- Goal of the exercise
Leave out the pictures, and retype the remaining data exactly.

- The records
◆ ◆ ◆ ◆
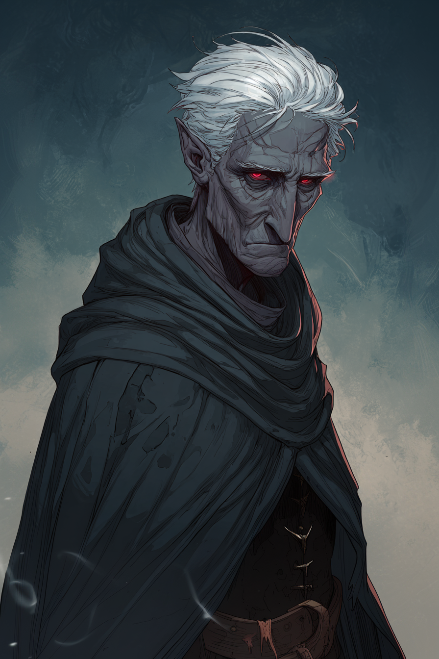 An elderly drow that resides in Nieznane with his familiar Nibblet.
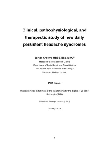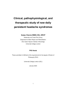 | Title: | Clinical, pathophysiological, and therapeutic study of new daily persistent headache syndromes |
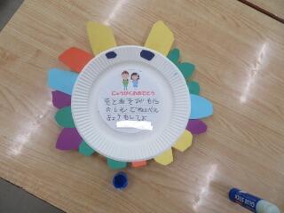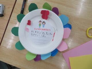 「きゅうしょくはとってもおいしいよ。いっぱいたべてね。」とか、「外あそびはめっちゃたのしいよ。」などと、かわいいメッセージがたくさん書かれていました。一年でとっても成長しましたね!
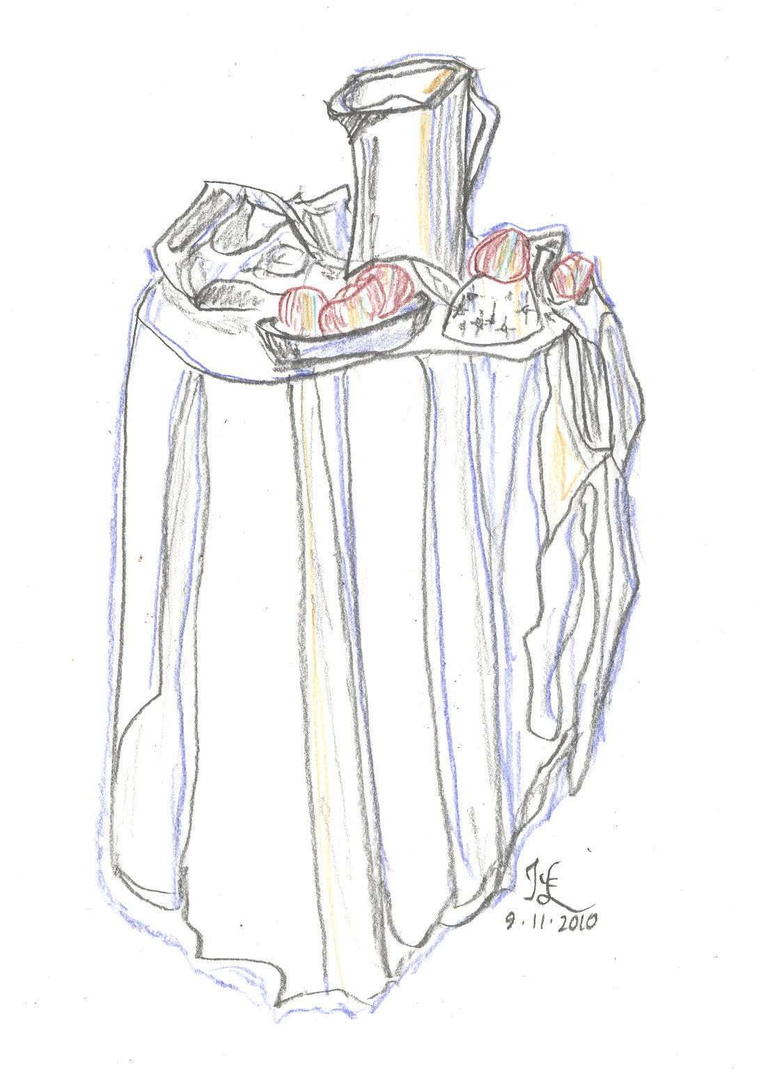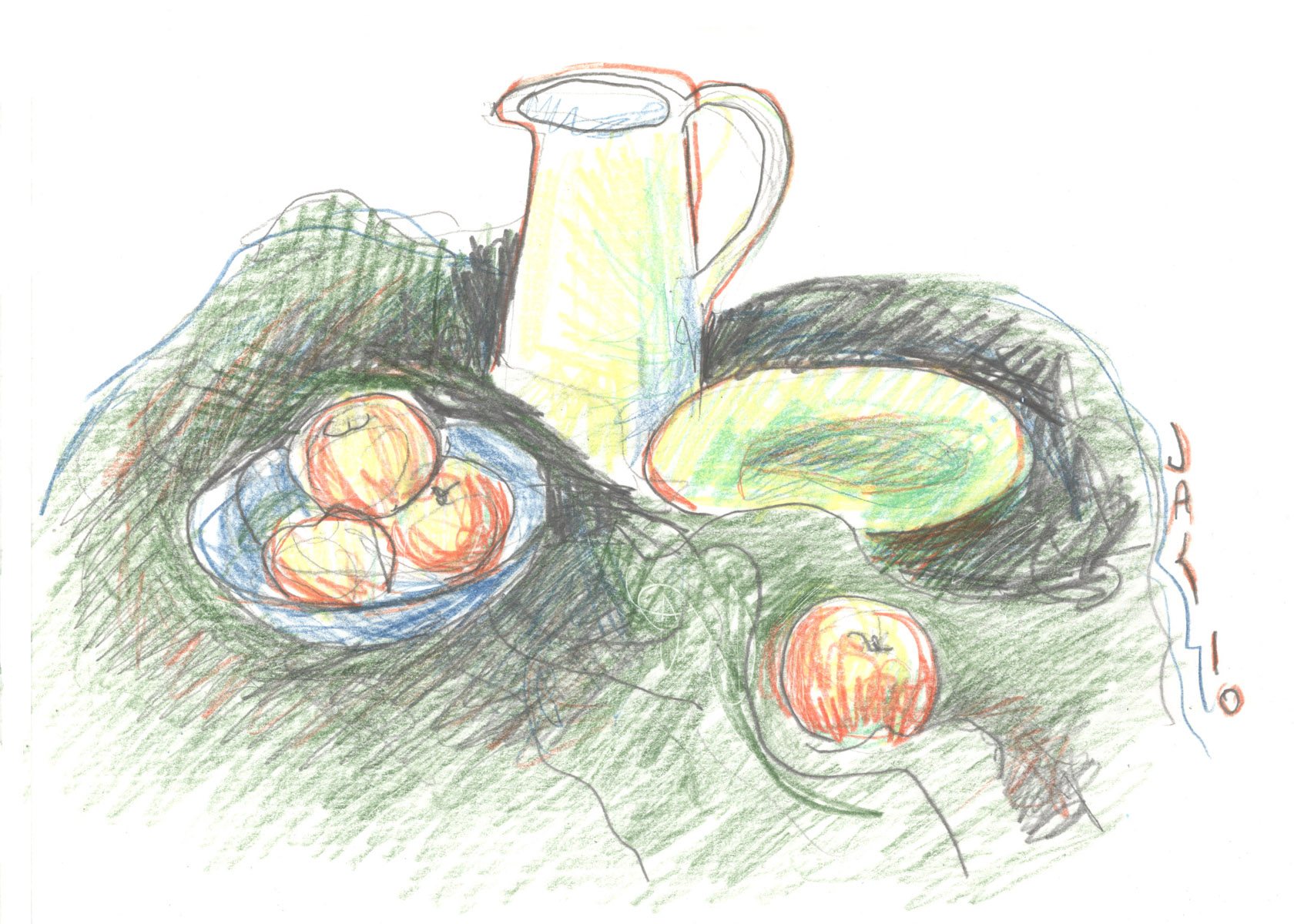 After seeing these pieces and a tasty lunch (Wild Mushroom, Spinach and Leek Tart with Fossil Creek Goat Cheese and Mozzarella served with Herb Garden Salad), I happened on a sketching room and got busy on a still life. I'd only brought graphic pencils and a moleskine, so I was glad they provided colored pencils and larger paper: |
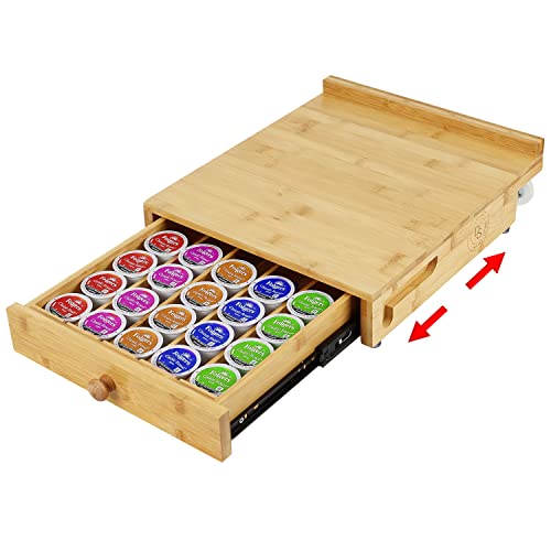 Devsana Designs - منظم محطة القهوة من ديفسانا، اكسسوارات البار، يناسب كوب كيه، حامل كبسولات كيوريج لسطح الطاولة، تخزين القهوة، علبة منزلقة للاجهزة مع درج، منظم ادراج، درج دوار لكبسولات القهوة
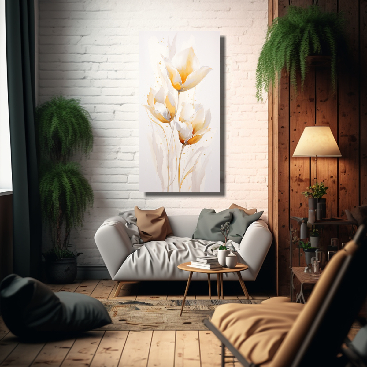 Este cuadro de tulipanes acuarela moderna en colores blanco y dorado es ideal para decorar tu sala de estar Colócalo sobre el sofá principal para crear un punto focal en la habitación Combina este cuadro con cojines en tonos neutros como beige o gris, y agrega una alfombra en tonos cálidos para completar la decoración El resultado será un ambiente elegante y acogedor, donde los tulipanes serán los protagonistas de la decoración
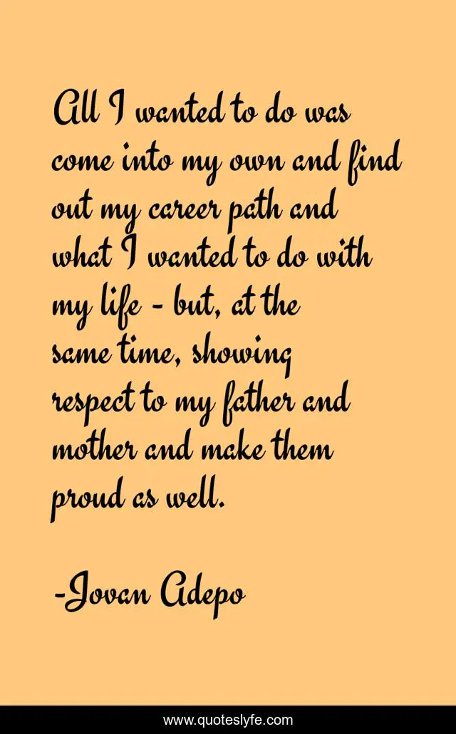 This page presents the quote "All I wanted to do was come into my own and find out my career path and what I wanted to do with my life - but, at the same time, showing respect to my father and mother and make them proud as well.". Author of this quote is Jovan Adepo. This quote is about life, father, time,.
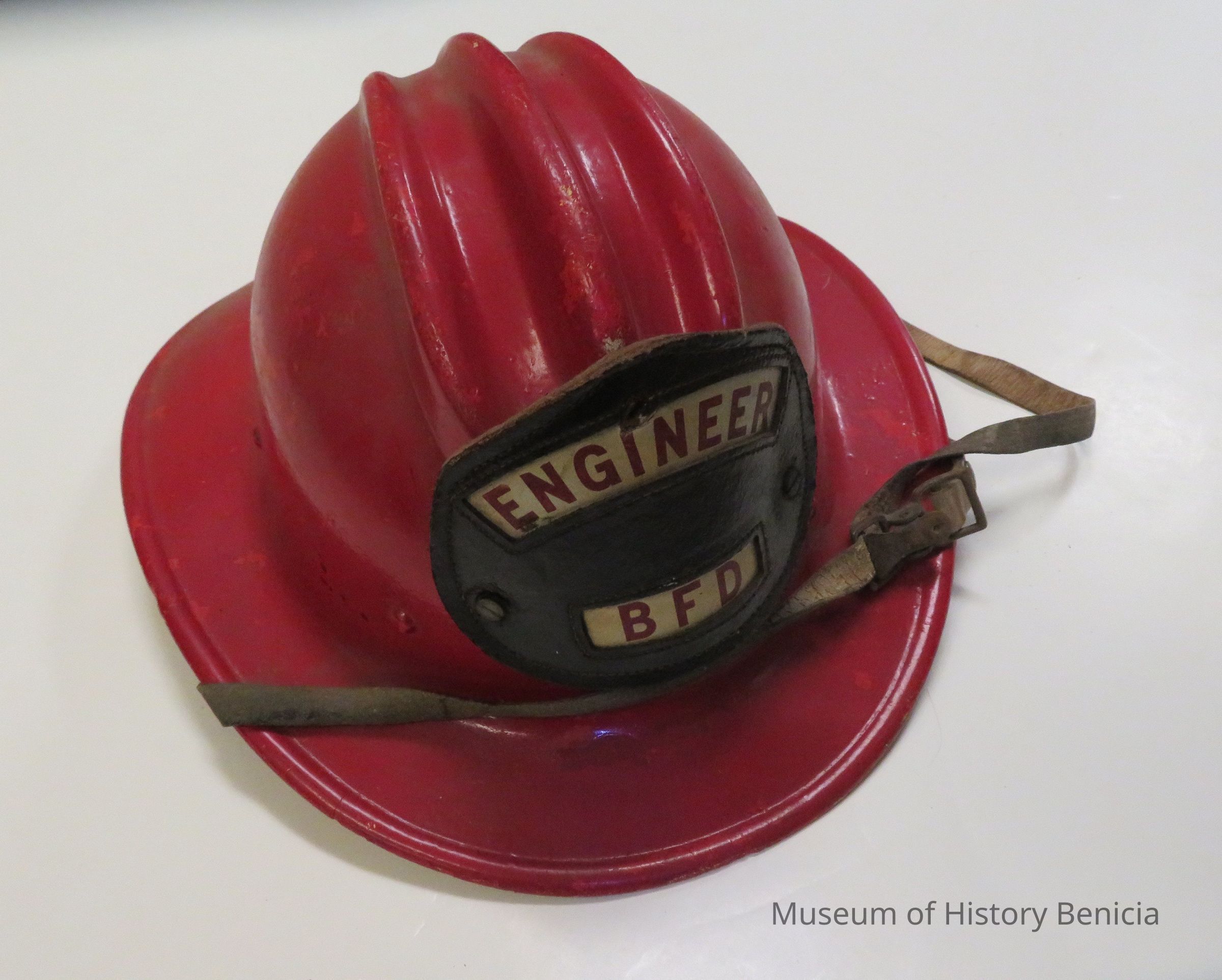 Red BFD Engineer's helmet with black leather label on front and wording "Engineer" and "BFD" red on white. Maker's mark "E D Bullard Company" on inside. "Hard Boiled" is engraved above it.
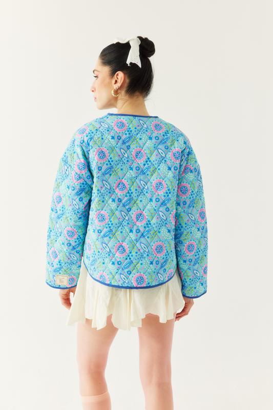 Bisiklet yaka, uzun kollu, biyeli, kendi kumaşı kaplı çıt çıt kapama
◆ ◆ ◆ ◆
- Response to the task
 An elderly drow that resides in Nieznane with his familiar Nibblet.
 | Title: | Clinical, pathophysiological, and therapeutic study of new daily persistent headache syndromes |
 「きゅうしょくはとってもおいしいよ。いっぱいたべてね。」とか、「外あそびはめっちゃたのしいよ。」などと、かわいいメッセージがたくさん書かれていました。一年でとっても成長しましたね!
 After seeing these pieces and a tasty lunch (Wild Mushroom, Spinach and Leek Tart with Fossil Creek Goat Cheese and Mozzarella served with Herb Garden Salad), I happened on a sketching room and got busy on a still life. I'd only brought graphic pencils and a moleskine, so I was glad they provided colored pencils and larger paper: |
 Devsana Designs - منظم محطة القهوة من ديفسانا، اكسسوارات البار، يناسب كوب كيه، حامل كبسولات كيوريج لسطح الطاولة، تخزين القهوة، علبة منزلقة للاجهزة مع درج، منظم ادراج، درج دوار لكبسولات القهوة
 Este cuadro de tulipanes acuarela moderna en colores blanco y dorado es ideal para decorar tu sala de estar Colócalo sobre el sofá principal para crear un punto focal en la habitación Combina este cuadro con cojines en tonos neutros como beige o gris, y agrega una alfombra en tonos cálidos para completar la decoración El resultado será un ambiente elegante y acogedor, donde los tulipanes serán los protagonistas de la decoración
 This page presents the quote "All I wanted to do was come into my own and find out my career path and what I wanted to do with my life - but, at the same time, showing respect to my father and mother and make them proud as well.". Author of this quote is Jovan Adepo. This quote is about life, father, time,.
 Red BFD Engineer's helmet with black leather label on front and wording "Engineer" and "BFD" red on white. Maker's mark "E D Bullard Company" on inside. "Hard Boiled" is engraved above it.
 Bisiklet yaka, uzun kollu, biyeli, kendi kumaşı kaplı çıt çıt kapama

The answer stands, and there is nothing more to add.